§ What needs to be done
Produce a word-for-word copy of the lines from the one that contains "Als Ergebnis müßte" to the final line of the data below, with all pictures dropped.

§ Source material
- - - -

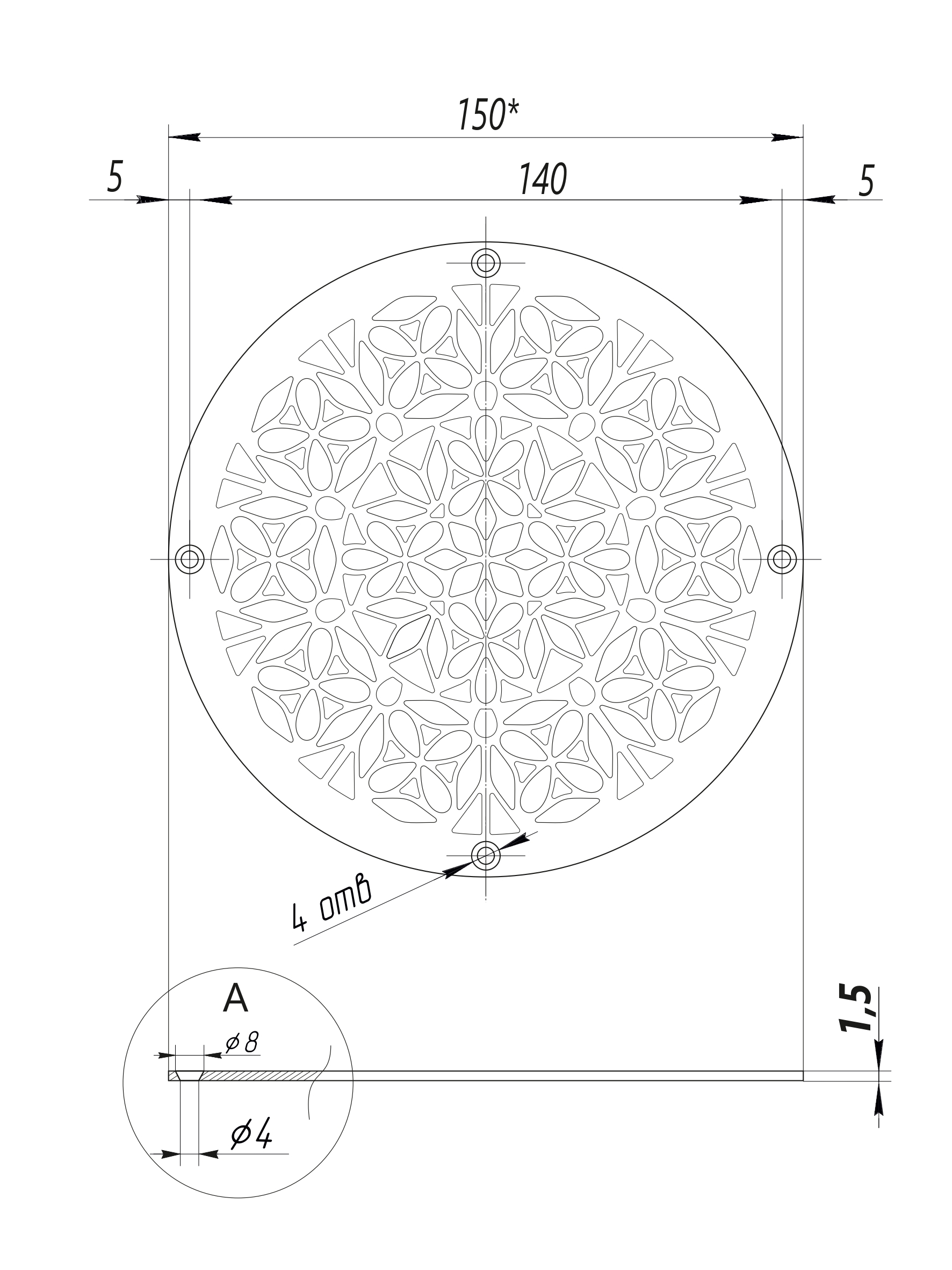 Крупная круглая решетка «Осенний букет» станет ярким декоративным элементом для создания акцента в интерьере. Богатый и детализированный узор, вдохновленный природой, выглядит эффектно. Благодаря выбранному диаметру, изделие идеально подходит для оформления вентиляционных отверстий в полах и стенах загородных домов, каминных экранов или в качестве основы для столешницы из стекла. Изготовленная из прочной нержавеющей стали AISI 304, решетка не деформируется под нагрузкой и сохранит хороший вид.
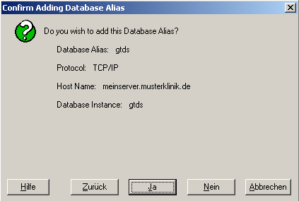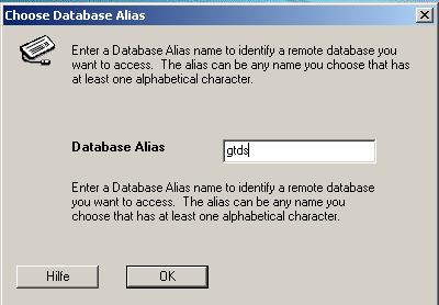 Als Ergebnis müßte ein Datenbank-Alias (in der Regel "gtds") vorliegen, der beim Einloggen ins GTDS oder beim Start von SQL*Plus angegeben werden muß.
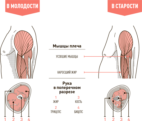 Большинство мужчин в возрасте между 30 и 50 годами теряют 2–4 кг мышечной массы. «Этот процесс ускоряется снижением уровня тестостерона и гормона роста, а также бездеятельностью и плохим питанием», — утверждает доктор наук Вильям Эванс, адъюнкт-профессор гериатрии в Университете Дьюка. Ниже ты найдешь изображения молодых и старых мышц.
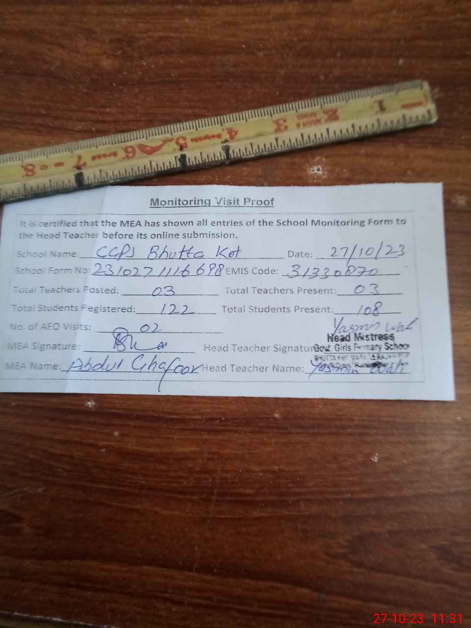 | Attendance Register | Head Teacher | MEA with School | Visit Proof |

- - - -

§ Task solution
 Als Ergebnis müßte ein Datenbank-Alias (in der Regel "gtds") vorliegen, der beim Einloggen ins GTDS oder beim Start von SQL*Plus angegeben werden muß.
 Большинство мужчин в возрасте между 30 и 50 годами теряют 2–4 кг мышечной массы. «Этот процесс ускоряется снижением уровня тестостерона и гормона роста, а также бездеятельностью и плохим питанием», — утверждает доктор наук Вильям Эванс, адъюнкт-профессор гериатрии в Университете Дьюка. Ниже ты найдешь изображения молодых и старых мышц.
 | Attendance Register | Head Teacher | MEA with School | Visit Proof |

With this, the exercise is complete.